Other indicators have been proposed to facilitate differential diagnosis, but there are still many flaws and deficiencies. The use of a specific Ki-67 index threshold (i.e., 55%) to distinguish these entities remains controversial.15 The mutations in TP53 or RB1 genes were considered characteristics of pNECs, but then extensive sample size sequencing data revealed that TP53 mutation could be shared by pNECs and high-grade pNETs.16-18

On the other hand, carcinogenesis is a process of specific changes to genes that control essential functions of our cells, especially in growing and division.19, 20 In recent years, with the development of next-generation DNA sequencing and analysis, new mutational phenomena such as chromothripsis have been identified in cancer cells.21 Chromothripsis is a mutational process by which massive genomic rearrangements occur in a single catastrophic event.22-26 In contrast to the multistep model for carcinogenesis that cancer is the gradual acquisition of genomic rearrangements and somatic mutations over time, chromothripsis provides a mechanism for the rapid accrual of hundreds of rearrangements in a few cell divisions.27-29 Thus, it has been associated with highly aggressive tumor behavior except for one case in which chromothripsis spontaneously cured a patient with WHIM syndrome.30-33

This study conducted next-generation gene sequencing in a cohort of 30 patients with G3 pNENs. As a reference, 25 samples from patients with pNETs G1/G2 were also performed in the sequencing analysis. We aimed to aid in discriminating challenging cases in high-grade pNENs by examining some new forms of genome alteration, such as chromothripsis.

2 RESULTS

2.1 Patient clinical and genetic characteristics

A total of 30 patients with high-grade pNENs were included in our study after histologic review (25 specimens were taken from the pancreas and 11 samples from liver metastasis). According to the WHO 2017 classification for pNENs, the well-differentiated G3 pNENs were classified as pNETs G3 (n = 13), while the poorly differentiated were pNECs (n = 13). Four cases were diagnosed as “ambiguous” due to the difficulty of distinguishing between pNETs G3 and pNECs. The representative histopathological images along with corresponding Ki-67 immunohistochemistry results for these cases are illustrated in Figure S1. To better distinguish between high-grade (G3) pNETs and pNECs, 15 patients with pNETs G1 and 10 patients with pNETs G2 were also enrolled. As a cohort of 55 patients, the median age was 53 years (range 21−75 years). The proportion of male patients (n = 29, 53%) was similar to females. Approximately 73% of patients had symptoms, and 31% already had liver metastasis (ENETS Stage IV) at diagnosis (Tables 1 and S1).
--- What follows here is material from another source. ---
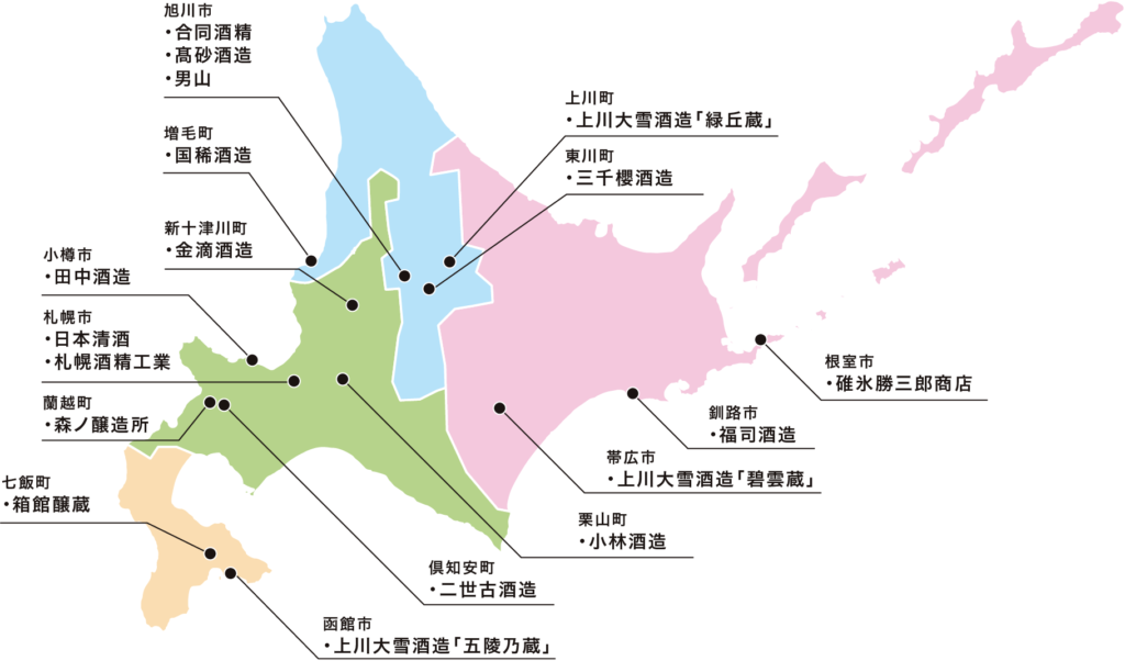 リンク 組合参画企業 道央 森ノ醸造所二世古酒造田中酒造日本清酒札幌酒精工業金滴酒造小林酒造 道北 国稀酒造合同酒精髙砂酒造男山三千櫻酒造上川大雪酒造・緑丘蔵 道南 箱館醸造上川大雪酒造・五稜乃蔵 道東 福司酒造碓氷勝三郎商店 上川大雪酒造・碧雲蔵 関連団体 日本酒造組合中央会 [北海道] 北海道酒造組合 [北陸] 富山県酒造組合石川県酒造組合連合会福井県酒造組合 [四国] 徳島県酒造組合香川県酒造組合愛媛県酒造組合高知県酒造組合 [東北] 青森県酒造組合岩手県酒造組合宮城県酒造組合秋田県酒造組合山形県酒造組合福島県酒造組合 [東海] 愛知県酒造組合岐阜県酒造組合連合会静岡県酒造組合三重県酒造組合 [九州] 福岡県酒造組合佐賀県酒造組合長崎県酒造組合熊本県酒造組合連合会大分県酒造組合宮崎県酒造組合鹿児島県酒造組合 [関東] 東京都酒造組合連合会神奈川県酒造組合埼玉県酒造組合千葉県酒造組合茨城県酒造組合栃木県酒造組合群馬県酒造組合 [近畿] 大阪府酒造組合兵庫県酒造組合連合会京都府酒造組合連合会滋賀県酒造組合奈良県酒造組合和歌山県酒造組合連合会 [沖縄] 沖縄県酒造組合 [甲信越] 山梨県酒造組合新潟県酒造組合長野県酒造組合 [中国] 鳥取県酒造組合島根県酒造組合岡山県酒造組合広島県酒造組合山口県酒造組合

TABLE 1. Clinicopathologic characteristics of all patients.
Low-grade pNENs High-grade (G3) pNENs
Total pNET G1 pNET G2 pNET G3 pNEC Ambiguous
(N = 55) (N = 15) (N = 10) (N = 13) (N = 13) (N = 4)
No. (%) No. (%) No. (%) No. (%) No. (%) No. (%)
Age, y
Median 53 54 48 56 53 30
Range 21−75 27−75 26−67 22−71 37−73 21−65
Sex
Female 26 (47%) 10 (67%) 5 (50%) 6 (46%) 3 (23%) 2 (50%)
Male 29 (53%) 5 (33%) 5 (50%) 7 (54%) 10 (77%) 2 (50%)
Symptoms
Yes 40 (73%) 8 (53%) 6 (60%) 11 (85%) 12 (92%) 3 (75%)
No 15 (27%) 7 (47%) 4 (40%) 2 (15%) 1 (8%) 1 (25%)
Location
Head 30 (55%) 7 (47%) 6 (60%) 6 (46%) 10 (77%) 1 (25%)
Body and tail 25 (45%) 8 (53%) 4 (40%) 7 (54%) 3 (23%) 3 (75%)
ENETS stage
I 5 (9%) 4 (27%) 1 (10%) 0 (0%) 0 (0%) 0 (0%)
II 20 (36%) 8 (53%) 6 (60%) 4 (31%) 2 (15%) 0 (0%)
III 13 (24%) 3 (20%) 0 (0%) 6 (46%) 3 (23%) 1 (25%)
IV 17 (31%) 0 (0%) 3 (30%) 3 (23%) 8 (62%) 3 (75%)
Chromothripsis
Yes 14 (25%) 1 (7%) 0 (0%) 2 (15%) 10 (77%) 1 (25%)
No 41 (75%) 14 (93%) 10 (100%) 11 (85%) 3 (23%) 3 (75%)
  • Abbreviation: ENETS, The European Neuroendocrine Tumor Society.
  • a It was evaluated on the day of pathological diagnosis.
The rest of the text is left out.